A federal judge ruled yesterday that FBI agents acted within the law when they searched the home of alleged wine counterfeiter Rudy Kurniawan after arresting him last March.
According to the Wine Spectator, at the hearing in a New York courtroom yesterday, US district judge Richard Berman denied a motion by Kurniawan’s lawyers to exclude evidence found during the search.
Kurniawan now has to decide whether to change his plea of not guilty or go to trial.
FBI agents arrested Kurniawan at his mother’s LA home on the morning of 8 March last year.
During the arrest, agents conducted a search of the house and obtained a key to a locked room from Kurniawan.
Entering it, they found what they claim was a “wine-counterfeiting workshop.” It wasn’t until later that day that the agents returned with a search warrant.
In a bid to exclude the evidence, Kurniawan’s lawyers claimed that the warrantless search violated his Fourth Amendment rights.
Justice Department attorneys countered that, even without including the evidence of the FBI search that morning, there was probable cause for a magistrate to issue it.

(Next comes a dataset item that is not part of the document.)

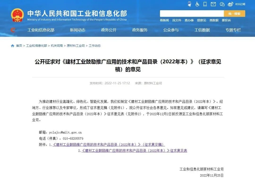 11月25日,工信部發布《建材工業鼓勵推廣應用的技術和產品目錄(2022年本)》(征求意見稿),公開征求社會各界意見。 公開征求對《建材工業鼓勵推廣應用的技術和產品目錄(2022年本)》(征〖查看詳細〗

Capsules, labels steamed off bottles and fake labels found by the FBI at Kurniawan’s home
The lawyers noted that Kurniawan had received shipments of empty bottles of very expensive wine “on multiple occasions”, which he had requested from a Manhattan restaurant and a New York collector.
They added that last February Kurniawan had tried to sell homemade counterfeit wine through a third party at a London auction.
“Based on the totality of the circumstances, in my judgment the search warrant was clearly based on probable cause,” Berman said from the bench.
According to WS, Kurniawan sat in the courtroom dressed in khaki trousers, a shirt and black trainers, wearing his trademark, black-framed glasses, and showing no emotion as the judge announced his decision.
He is being held at the Metropolitan Detention Center in Brooklyn.
Berman has scheduled a conference with the lawyers for 14 February to determine what will happen next in the case.
Kurniawan’s options are to go to trial or try and negotiate a plea bargain.
According to Kurniawan’s lawyer, Michael Proctor, his client remains “strong and focused on his case.”